Secondly, and via contemporary art theories, he pins down the aspect of art in OA: Nicolas
Bourriaud's theory of relational aesthetics, Peter Bürger's avant- garde theory, the ideas
underlying contextual art and, finally, Miwon Kwon's distinctions between various types
of site- specificity and her reflections about how the artists today have changed their role
and often work as mediators and project- coordinators.

The thesis must be characterised as a pioneering work which meets the scientific
standards of thorough research and accuracy. As one of the first, the thesis maps a newly
developed field, about which only extremely sparse literature has been available until
now. The text is well set- out and characterised by both a breadth of view and a thorough

96
level of detail knowledge of the present material. It is written in an accessible language,
so the thesis also holds great qualities as a communication piece.
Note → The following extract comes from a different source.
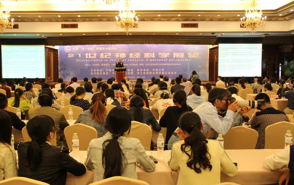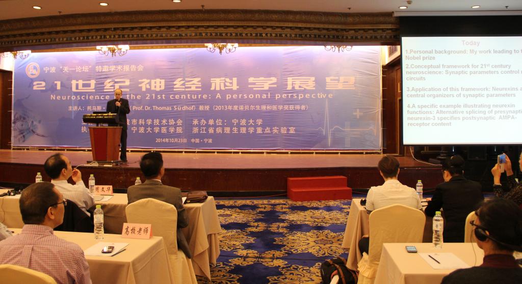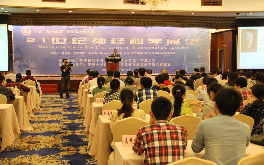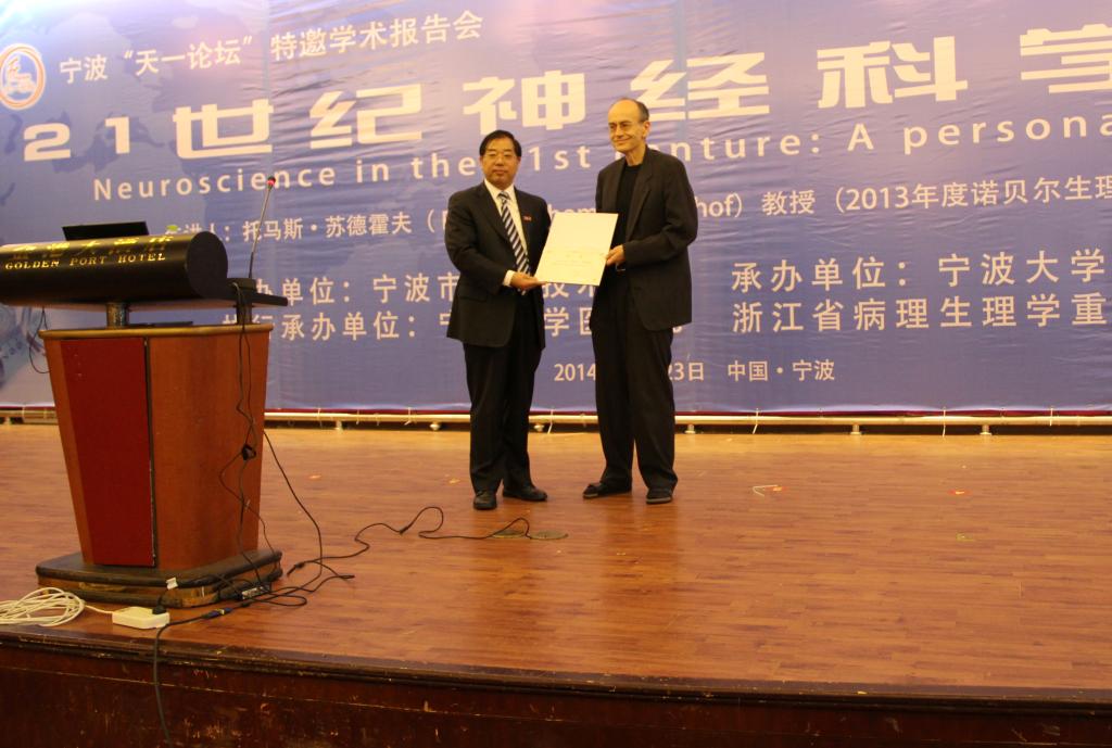 10月23日,由宁波市科学技术协会主办、澳门六合彩-澳门六全彩开奖网 医澳门六合彩-澳门六全彩开奖网 承办的《天一论坛》,特邀2013年诺贝尔生理或医学奖得主美国斯坦福大学医澳门六合彩-澳门六全彩开奖网 托马斯·聚德霍夫(Thomas Südhof)教授来甬作学术报告。本次学术活动的主题是“21世纪神经科学展望”。澳门六合彩-澳门六全彩开奖网 校长沈满洪教授出席论坛开幕式并为托马斯·聚德霍夫教授颁发了澳门六合彩-澳门六全彩开奖网 荣誉教授证书;宁波市科学技术协会主席杨志达向托马斯·聚德霍夫教授赠送了感谢状。来自我市医疗、卫生、科研以及高校等300多人,聆听了托马斯·聚德霍夫教授的精彩报告。澳门六合彩-澳门六全彩开奖网 医澳门六合彩-澳门六全彩开奖网 赵进顺教授主持了本次学术论坛。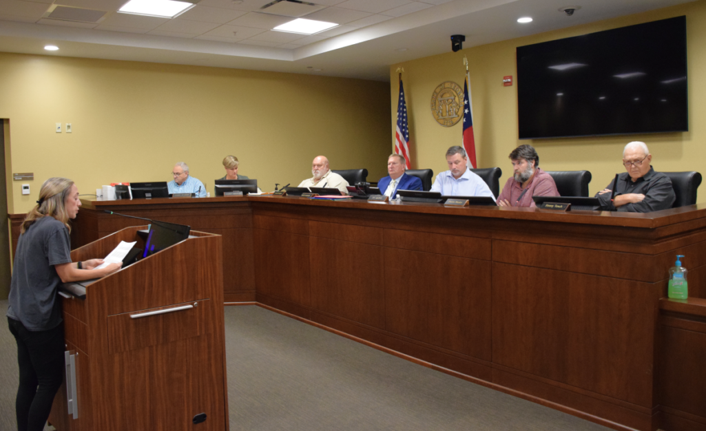 Heather Benton addresses the Habersham County Commissioners during public comments to save the gymnastics program. (Jerry Neace/NowHabersham.com)

MFT has worked himself within the environment for several years, among other things as
one of the originators of a large conference in 2004. This has enabled him to gather
information from central players and obtain access to important sources and
communicate them to a larger circle of people, to whom they otherwise would be
unattainable. The personal involvement marks the thesis in the form of a strong
engagement, which renders the text dynamic because the involvement has stimulated
the critical- discursive judgement, rather than restricting it. The methodical reflections,
especially in regard to Gadamer's hermeneutics, could however have been more
elaborate and it does not seem appropriate that they are placed in the end as an
appendix after the conclusion.

As a foundational research project, the thesis reaches a high level. It is not a mere
registration of completed projects, although is does manage to mention a large number
of artists within the field. If anything, it gives the field a theoretical superstructure. On
the basis of thorough and well- informed analyses, above all of Latham and Industries of
Vision and supported by carefully selected elements from organisational theory and art
theory, MFT reaches the articulation of an independent and original theory of which traits
define OA as an artistic field or genre. He also describes with great precision and fine
distinction which expectations one could have to this art form, at which points OA has
taken on traits from organisational culture and at which points the phenomenon differs.
Furthermore, he describes the difference between OA and related but more traditional
artistic phenomena, such as contextual art which also works critical- analytical with the
work's context. With this, MFT advances the understanding of the mixed phenomenon OA
a great deal, and this is done in a way which equally might enlighten readers from both
the art world and the corporate sector.